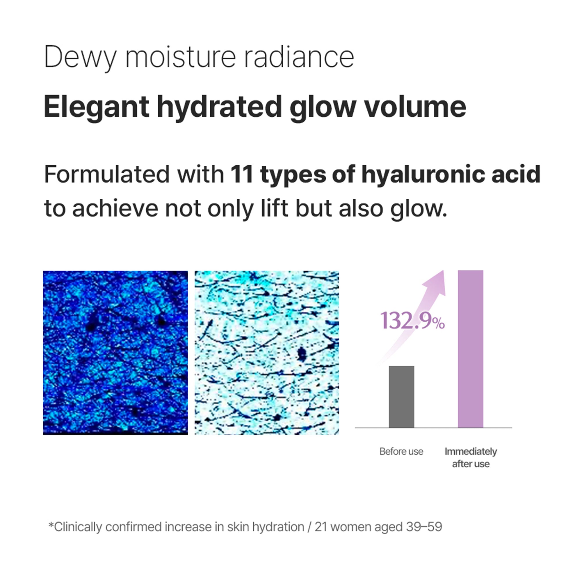 11 types of hyaluronic acid give long-lasting moisture and a fresh, dewy finish. -
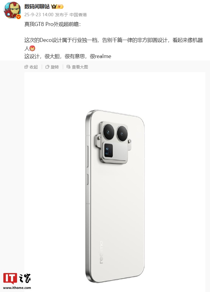 IT之家 9 月 29 日消息,realme 真我手机官方今日继续预热 GT8 Pro 新机,并透露该机拥有镜头模组新玩法,支持“可拆、可拼、可换”特性,宣称“告别千篇一律,跳脱非方即圆。享受拼装的乐趣,解锁百变的形态。”
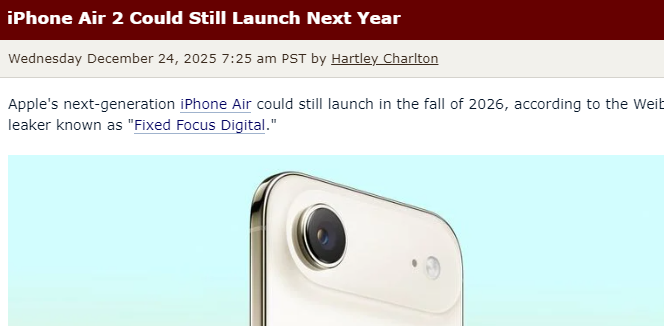 来源:环球网 【环球网科技综合报道】12月25日,据macrumors报道,苹果第二代iPhone Air或仍能按原定计划,于 2026年秋季正式推出。 据悉,消息人士确认第二代iPhone Air将瞄准秋季发布窗口,而苹果另一款机型iPhone 17e已进入大规模 生产,预计会在2026年春季发布会率先亮相。不过,这一说法与此前多项权威报道存在冲突,此前多方 消息均指出,受初代iPhone Air销量不及预期影响,苹果已决定将第二代机型推迟至2027年3月,与 iPhone 18系列标准版、iPhone 18e低端机型同步发布。 外媒指出,针对初代机型的用户槽点,第二代iPhone Air传出多项升级计划。爆料显示,新机将新增一 颗后置摄像头,解决初代单摄影像能力不足的问题,同时有望下调售价,提升产品竞争力。此外,轻量 化机身设计、蒸汽室散热系统以及更大容量电池,也将成为第二代机型的核心升级点,进一步优化用户 体验。 行业分析认为,2026年秋季本就是iPhone Air 2的原定发布时间,若苹果能加快新功能研发进度,调整 产品策略,秋季推出仍有可行性。(旺旺) ...
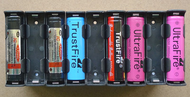 Der Akku ganz rechts (billige Variante des Ultrafire XSL 2600mAh) ist mein längster 18650er, man sieht deutlich wie sich die Enden des Halters nach aussen biegen.
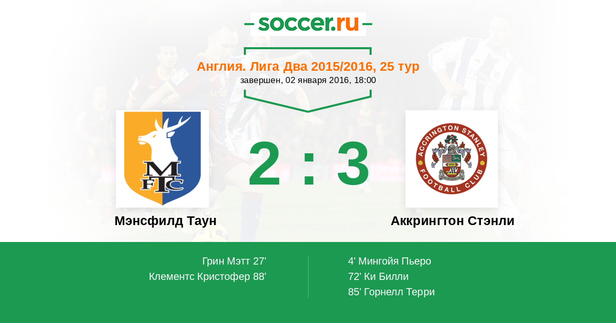 | Мэнсфилд Таун | Аккрингтон Стэнли | |
-- -- --
### TASK GOAL
Transcribe the opening line of the listing above, please, and every line after it through the line with "Der Akku ganz", word for word, without pictures.

### OUTPUT FOR THIS TASK
 11 types of hyaluronic acid give long-lasting moisture and a fresh, dewy finish. -
 IT之家 9 月 29 日消息,realme 真我手机官方今日继续预热 GT8 Pro 新机,并透露该机拥有镜头模组新玩法,支持“可拆、可拼、可换”特性,宣称“告别千篇一律,跳脱非方即圆。享受拼装的乐趣,解锁百变的形态。”
 来源:环球网 【环球网科技综合报道】12月25日,据macrumors报道,苹果第二代iPhone Air或仍能按原定计划,于 2026年秋季正式推出。 据悉,消息人士确认第二代iPhone Air将瞄准秋季发布窗口,而苹果另一款机型iPhone 17e已进入大规模 生产,预计会在2026年春季发布会率先亮相。不过,这一说法与此前多项权威报道存在冲突,此前多方 消息均指出,受初代iPhone Air销量不及预期影响,苹果已决定将第二代机型推迟至2027年3月,与 iPhone 18系列标准版、iPhone 18e低端机型同步发布。 外媒指出,针对初代机型的用户槽点,第二代iPhone Air传出多项升级计划。爆料显示,新机将新增一 颗后置摄像头,解决初代单摄影像能力不足的问题,同时有望下调售价,提升产品竞争力。此外,轻量 化机身设计、蒸汽室散热系统以及更大容量电池,也将成为第二代机型的核心升级点,进一步优化用户 体验。 行业分析认为,2026年秋季本就是iPhone Air 2的原定发布时间,若苹果能加快新功能研发进度,调整 产品策略,秋季推出仍有可行性。(旺旺) ...
 Der Akku ganz rechts (billige Variante des Ultrafire XSL 2600mAh) ist mein längster 18650er, man sieht deutlich wie sich die Enden des Halters nach aussen biegen.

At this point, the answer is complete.